Introduction

Sarcopenia is an age-related syndrome characterised by aggressive and general loss of skeletal muscle mass and strength [1]. It is a major contributor to the risk of physical frailty, functional impairment, poor health-related quality of life and premature death [2]. Sarcopenia has recently been recognised as a specific disease by assignment of a single code within the International Classification of Diseases [3]. It is responsible for considerable health care expenditure. Annual direct medical costs attributable to the disorder have been estimated at around $20 billion in the United States in 2000 [4].

Characterisation of muscle strength using isometric dynamometry is central to the definition of sarcopenia [1]. Epidemiological studies typically assess muscle strength using isometric hand grip, and reference ranges for grip strength throughout the life course have been determined in the UK [5] and elsewhere [6, 7]. Grip strength in later life depends upon the peak grip strength attained during growth and young adulthood, as well as the subsequent rate of loss. In other musculoskeletal tissues, for example the skeleton, differential determinants of peak bone mass and rate of bone loss have been observed [8,9,10,11].

Determinants of low grip strength level include older age [5], shorter stature [12], poor nutrition [13], low physical activity [14], socioeconomic disadvantage [15, 16] and multimorbidity [17]. There has been much less research into risk factors for accelerated loss of grip strength in later life. Several studies have concentrated solely on investigating age and sex differences in grip strength trajectory in older people [7, 18,19,20]. Most such investigations, though not all [21], have shown that grip strength declines with age in both sexes and that the decline is faster in men. Only a few longitudinal studies have examined the role of a broader range of potential determinants of change in grip strength [22,23,24,25], and to date, few consistent predictors of grip strength decline have been identified. In order to establish with greater certainty which factors are predictive of grip strength decline in men and women, there is a need for further, large longitudinal studies of older people of both sexes and a wide range of ages; this study addresses these concerns.

We used data from two well-characterised cohorts of older people, the English Longitudinal Study of Ageing (ELSA) [26] and the Hertfordshire Cohort Study (HCS) [27], to conduct a cross-cohort examination [28, 29] of the determinants of both grip strength level and change in later life.

Methods

We analysed data from ELSA for our principal analyses and used HCS for replication. We identified sufficiently comparable variables detailing: demographic factors, anthropometry, socioeconomic position, lifestyle risk factors, physical function and morbidity. The cohorts are described below; profiles have been published previously [26, 27].

The English Longitudinal Study of Ageing

The initial sample for ELSA was based on people aged 50 years and older who had participated in the Health Survey for England in 1998, 1999 or 2001. It was drawn by postcode sector, stratified by health authority and proportion of households in non-manual socioeconomic groups.
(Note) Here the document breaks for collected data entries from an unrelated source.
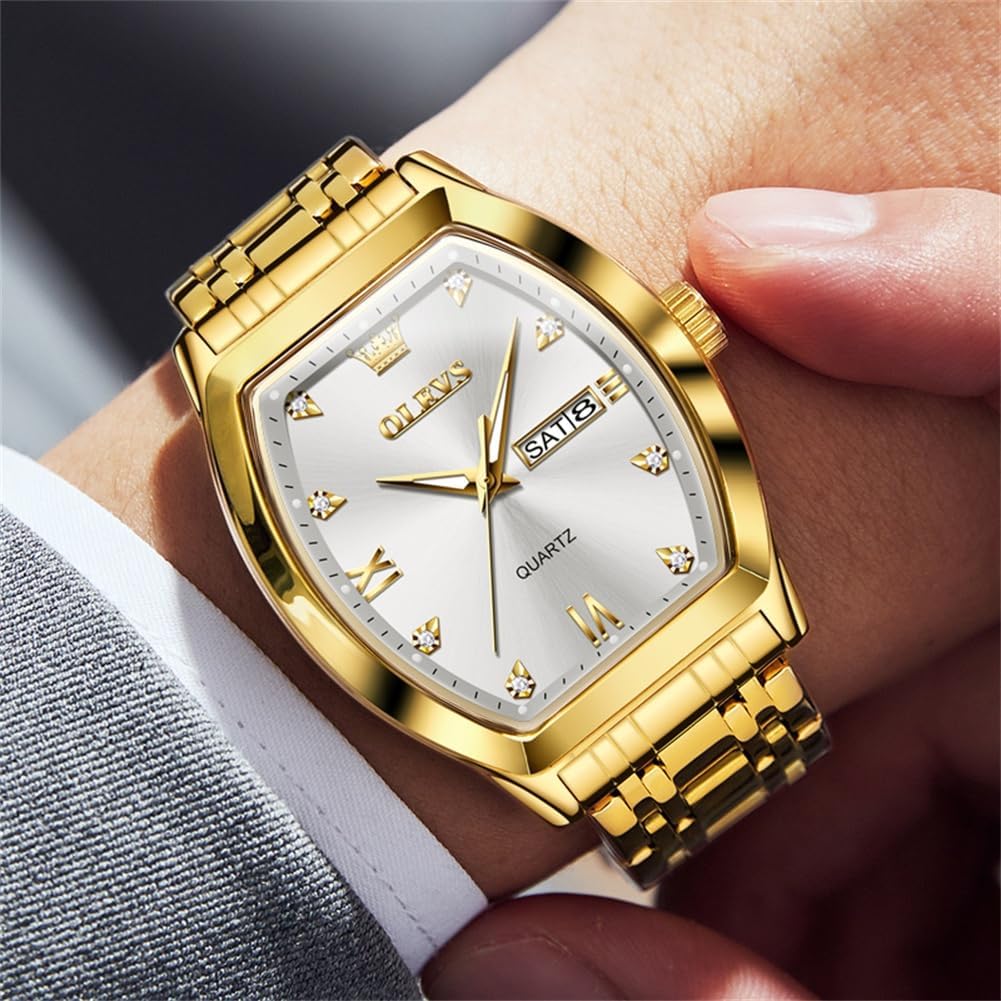 OLEVS Square Watches for Men Diamond Analog Quartz Stainless Steel Big Face Business Luxury Dress Mens Wrist Watch with Date Waterproof Luminous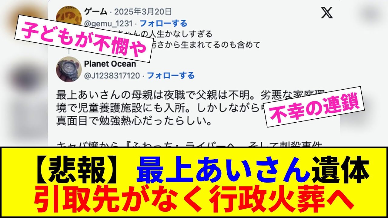 【悲報】最上あいさん遺体 引取先がなく行政火葬へ【2chまとめ】【2chスレ】【5chスレ】
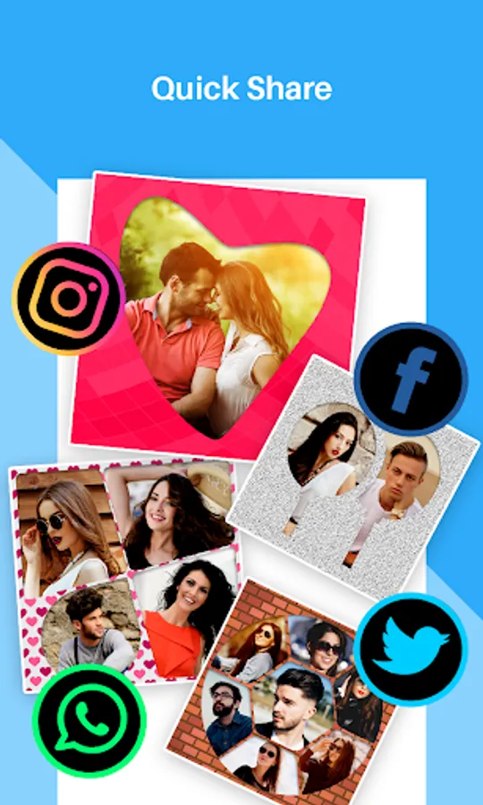 Montage all your selfies with the photo collage editor instantly. Shape photo collage Mixer creates amazing colleges for special days like Wedding, Anniversary, Birthdays, Valentine’s day.. Just choose your favourite photos and let the photo college maker do it’s magic. hundreds of templates and picture layout available to make a creative and amazing meme. Put your photos into grids or romantic hearts, photo grids are so useful. Beautiful photo grid and photo layouts suit all tastes.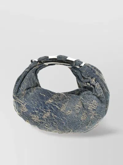 'handle Top Distressed Denim Texture Silver-tone Hardware'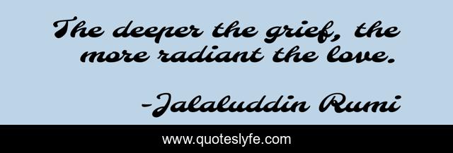 This page presents the quote "The deeper the grief, the more radiant the love.". Author of this quote is Jalaluddin Rumi. This quote is about grief, enthusiasm, love, inspirational, affection,.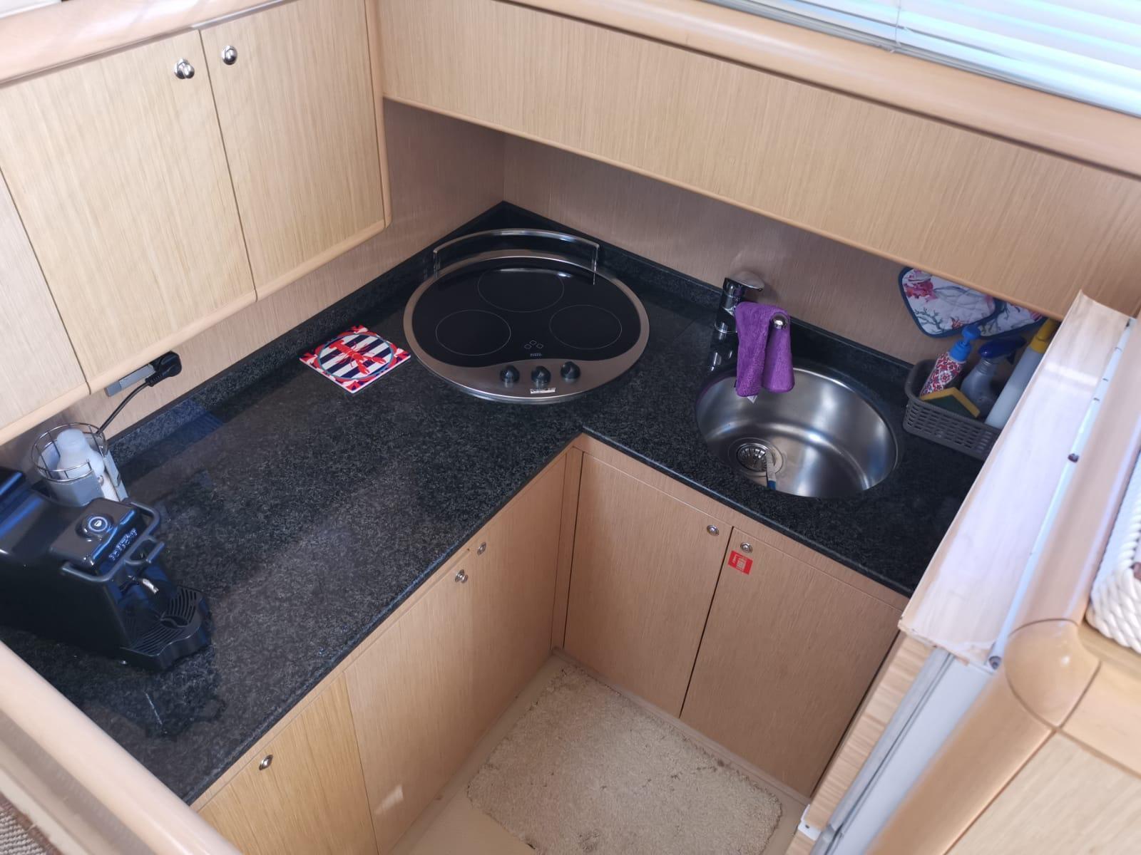 Galley, Deck Refrigerator, Dishwasher, Ceramic hot plate.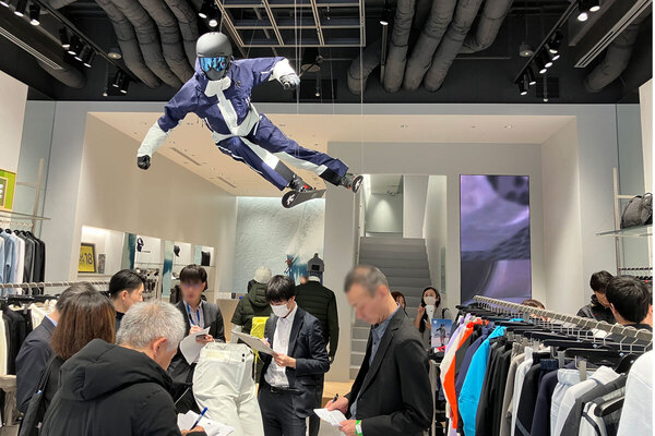 島さんは「スキーのマネキンを吊りこんでいるのですが、この店舗が初めての試みです」と言い、店内の空間から躍動感が伝わってきました。

The initial survey took place in 2002–2003. Subsequent waves of data collection took place at 2 yearly intervals. At 4 yearly intervals, core sample members who completed the main interview are invited to have a visit from a nurse that includes measurements of physical function and anthropometry. Refreshment samples drawn from the Health Survey for England were added at Wave 3 and 4 to maintain the representation of people aged 50–75. The current study uses data from Waves 2, 4 and 6. Ethical approval was obtained from the NHS Multicentre Research Ethics Committee in London. Participants gave written informed consent.

At Wave 2, the following characteristics were ascertained at a nurse-administered home interview (see Online Appendix 1 for full details): marital status, housing tenure, occupational characteristics, smoking status, frequency of alcohol consumption, self-reported physical activity in work and daily life, self-rated health, measured height and weight; and previous diagnosis by a doctor of high blood pressure/hypertension, angina, heart attack, diabetes or high blood sugar, a stroke or osteoporosis. At Waves 2, 4 and 6, participants had grip strength measured three times for each hand using the Smedley dynamometer; the highest grip measurement at each time point was used for analysis. The ELSA analysis sample for this paper comprised 3703 participants with complete grip strength data at the three waves.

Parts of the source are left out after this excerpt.